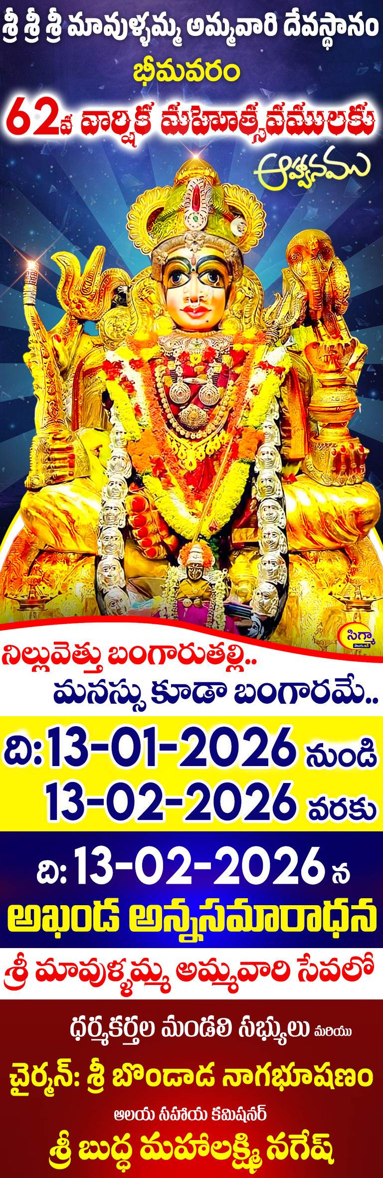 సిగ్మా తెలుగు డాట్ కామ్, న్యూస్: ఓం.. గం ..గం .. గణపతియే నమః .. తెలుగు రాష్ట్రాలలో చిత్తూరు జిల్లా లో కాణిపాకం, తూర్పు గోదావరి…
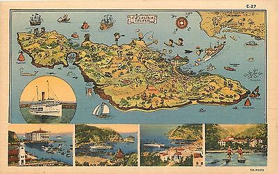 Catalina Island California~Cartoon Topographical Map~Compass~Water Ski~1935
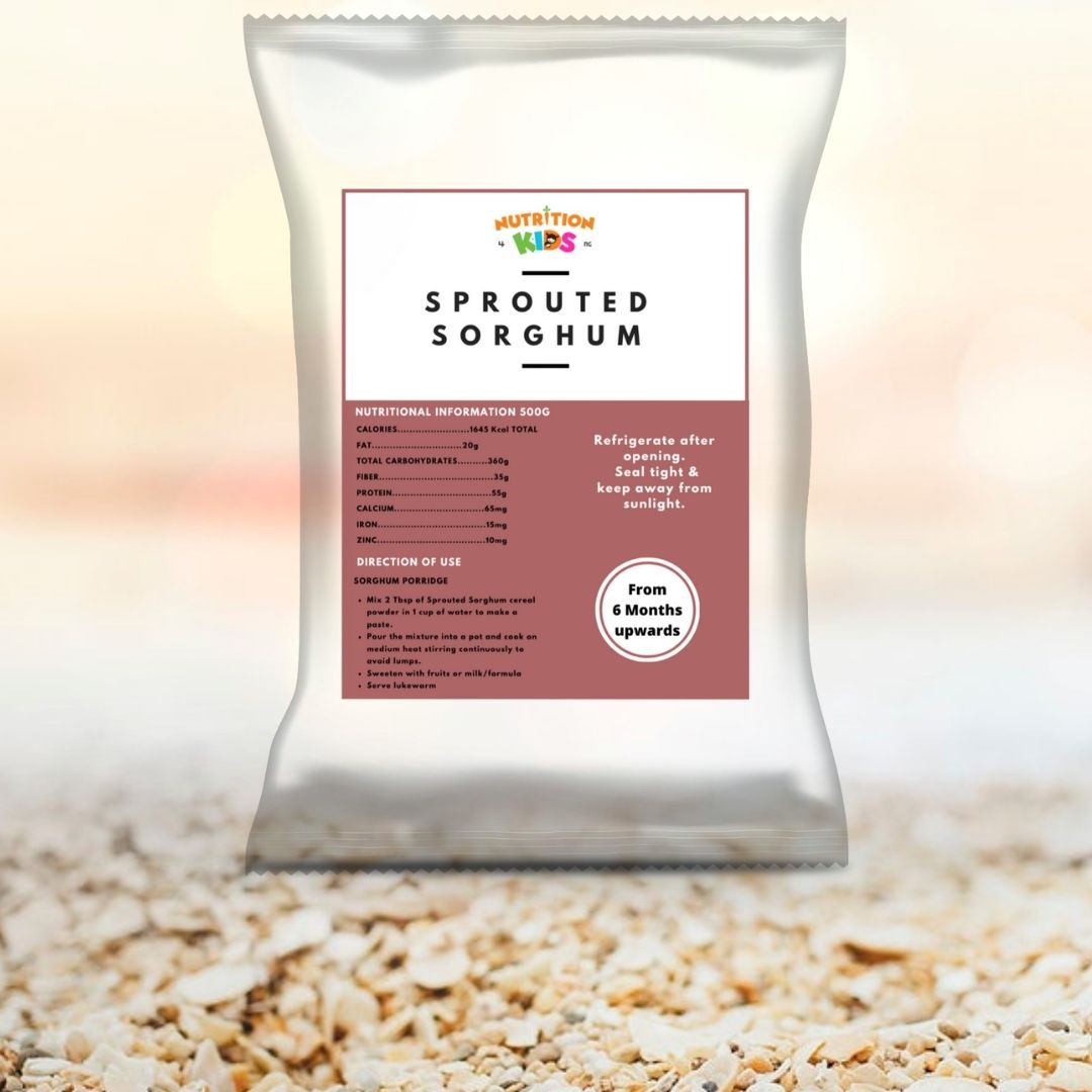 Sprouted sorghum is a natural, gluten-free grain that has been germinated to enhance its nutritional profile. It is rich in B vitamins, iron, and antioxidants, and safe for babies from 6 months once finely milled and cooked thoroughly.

__WORK INSTRUCTION__: Return every line of the listing exactly, leaving its pictures behind.

__RESPONSE FOR THIS EXERCISE__:
 సిగ్మా తెలుగు డాట్ కామ్, న్యూస్: ఓం.. గం ..గం .. గణపతియే నమః .. తెలుగు రాష్ట్రాలలో చిత్తూరు జిల్లా లో కాణిపాకం, తూర్పు గోదావరి…
 Catalina Island California~Cartoon Topographical Map~Compass~Water Ski~1935
 Sprouted sorghum is a natural, gluten-free grain that has been germinated to enhance its nutritional profile. It is rich in B vitamins, iron, and antioxidants, and safe for babies from 6 months once finely milled and cooked thoroughly.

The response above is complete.